(édito)

L’année 2025 marquera les quarante-trois ans de règne sans partage du président Paul Biya au
Cameroun. Il aura alors 93 ans. Un âge où les surhommes aspirent, en toute logique naturelle, à
l’effacement et au repos pour jouir des dernières années en toute quiétude après une vie faite de joie, de
peine, de renoncement et de militantisme.
Dans une démocratie, un règne aussi long permettrait de faire un bilan que l’histoire retient. Une histoire
que les manuels d’histoire reprendront et qui serviront de base à une jeunesse qui aspirent au bien être,
au développement, à l’accomplissement des projets. Cette jeunesse pourrait s’inspirer de celui qui a
présidé le pays au cours de ce règne infini.
Mais nous constatons que le vieux monarque n’est pas disposé à céder honorablement sa place. Il n’a
pas conscience des enjeux majeurs de la mondialisation et de l’éveil permanent face aux défis de
l’Afrique et du Cameroun.
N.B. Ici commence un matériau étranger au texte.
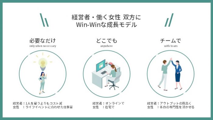 何か新しくチャレンジするためには、安心できるプラットフォームが必要です。業務委託の場合は、その人の過去の実績を見て案件を割り振ることがほとんどです。雇用型であれば、これまで経験がないことで苦手だと思っていたメンバーに、継続的なコミュニケーションの中で新しいことにチャレンジすることをリクエストできます。

Serait-il frappé de cécité ? Dans l’affirmative, le peuple devrait prendre ses
responsabilités et arracher démocratiquement le pouvoir.
Le Cameroun vit à l’heure actuelle au rythme du football. Un conflit anxiogène oppose le ministre du
sport au président de la fédération camerounaise de football. Un combat de chiffonniers ! Cette lutte
intestinale est devenue la risée des réseaux sociaux, de la presse écrite, des médias du monde et des

plateaux de télévision. Un ministre peut-il se substituer au président élu de la fédération de football ? Est-
ce raisonnable ?

Le Cameroun aurait pu briller par d’autres voies. Or c’est le football qui galvanise la population dans un
contexte de pauvreté extrême et de sous-développement. Paul Biya ne brille que par ses voyages et ses
pérégrinations. Le football reste le seul sujet qui marque son passage aux affaires.
Dans une démocratie, le pouvoir politique a le devoir d’inculquer les conditions pour créer de la richesse,
de l’emploi et le bien-être du peuple. Ces objectifs ne sont pas atteints. Pour masquer cette incurie, le
pouvoir favorise la débauche, la violence, la corruption, l’insécurité et l’injustice. Ces maux mettent à mal
les espoirs d’une jeunesse affamée et pourtant résiliente.
Le football peut-il résoudre les maux fortement ancrés dans le subconscient du citoyen qui devient
paresseux, envieux, menteur, sans ambition et sans espoir ? Le football ne reste qu’une échappatoire à
la réalité quotidienne. Cette joie de voir l’équipe nationale gagner un match fait oublier temporairement
les souffrances quotidiennes. Mais le mal demeure. Il est là.
Le pouvoir a cru longtemps, et il demeure sur sa position, que le football est une source d’espoir et qu’il
peut jouer un rôle dans la construction de l’identité nationale et de la cohésion sociale. Il n’a pas tort.
Mais le football n’est qu’un sport. Il ne produit pas la richesse. Il permet l’éclosion de quelques têtes qui
font rêver une jeunesse désabusée et sans repère.
Face au chaos en cours qui retient toutes les attentions, le Cameroun se meurt. L’actualité se focalise
sur les instructions de Paul Biya et la gestion d’une tiraillerie de basse-cour et qui ne devrait pas
mobiliser toutes les énergies. N’est-ce pas le signe d’un pays en délitement ?
Les défis sont pourtant énormes et les voies de réflexions pour sortir de la pauvreté sont nombreuses.
Mais le pouvoir actuel n’en a cure. Le règne de la débrouillardise se poursuit. Les intellectuels et la
société civile s’accommodent à ce chienlit qui brise les espoirs d’une jeunesse qui ne rêve plus qu’à
s’échapper vers un autre monde. Les rêves d’évasion se multiplient.
Malgré tout ce charivari, le pouvoir en place rêve toujours d’un prochain mandat. Est-ce sa faute si le
peuple ne rêve plus ? Où sont passés ces diplômés qui se réclament des grandes écoles et qui se
battent pour s’accrocher à des strapontins usés et mal odorants ? Le temps du réveil sonne. 2025 est
une nouvelle étape où la mobilisation doit être le principal sujet pour changer de politique avec de
nouvelles têtes ambitieuses et libres.
Le Cameroun reste persuadé que le développement viendra par le football qui canalise toutes les
couches sociales et toutes les énergies. Cette arnaque systémique commence à tousser. Elle est
grippée. Certes, le football reste le seul symbole d’espoir et d’union. Mais il reste une distraction. Il est
essentiel de na pas perdre de vue les défis structurels qui nécessitent des solutions durables pour
améliorer les conditions de vie de la population.